Omit all images, then repeat exactly the lines below from the one containing "Download the document" through the one containing "Casual Kensie jeans", both ends included.

═══ Data for this exercise ═══

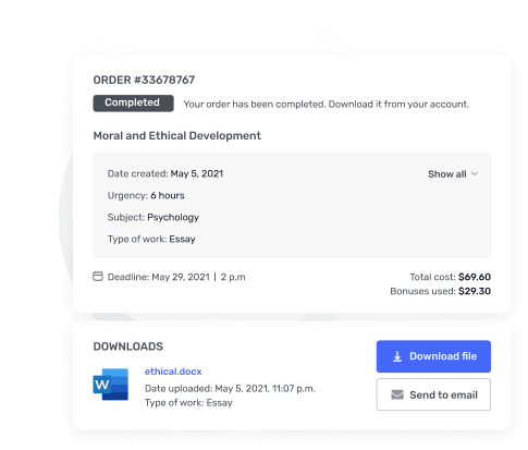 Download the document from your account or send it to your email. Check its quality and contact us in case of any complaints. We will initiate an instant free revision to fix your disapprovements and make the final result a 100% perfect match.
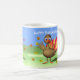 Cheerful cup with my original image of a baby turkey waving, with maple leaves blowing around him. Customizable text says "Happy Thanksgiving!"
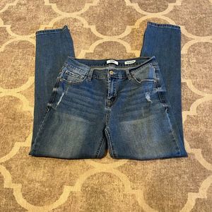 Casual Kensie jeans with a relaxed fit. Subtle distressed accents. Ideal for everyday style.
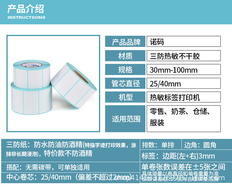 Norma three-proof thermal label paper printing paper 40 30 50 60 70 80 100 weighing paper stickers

═══
═══ Data for this exercise ═══

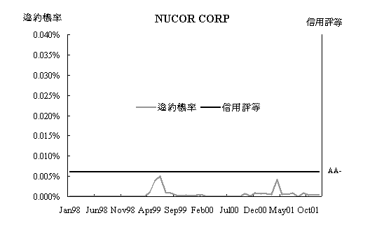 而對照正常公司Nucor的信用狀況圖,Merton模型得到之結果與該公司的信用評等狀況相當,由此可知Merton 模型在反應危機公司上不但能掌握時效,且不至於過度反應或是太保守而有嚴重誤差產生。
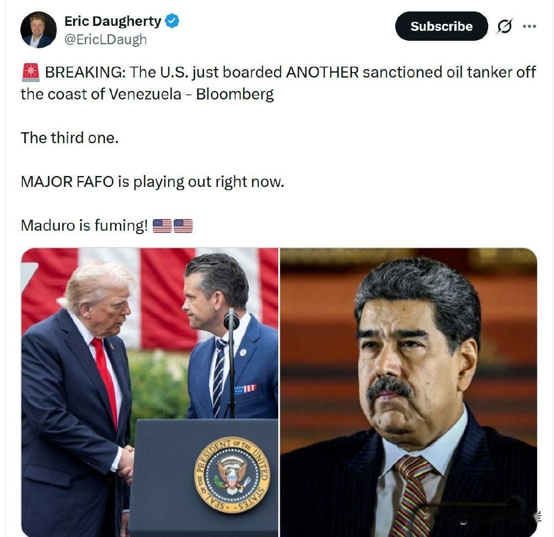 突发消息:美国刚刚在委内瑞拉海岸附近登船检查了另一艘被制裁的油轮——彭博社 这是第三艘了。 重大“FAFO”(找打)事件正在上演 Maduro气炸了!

═══

* [Exercise output]
 Download the document from your account or send it to your email. Check its quality and contact us in case of any complaints. We will initiate an instant free revision to fix your disapprovements and make the final result a 100% perfect match.
 Cheerful cup with my original image of a baby turkey waving, with maple leaves blowing around him. Customizable text says "Happy Thanksgiving!"
 Casual Kensie jeans with a relaxed fit. Subtle distressed accents. Ideal for everyday style.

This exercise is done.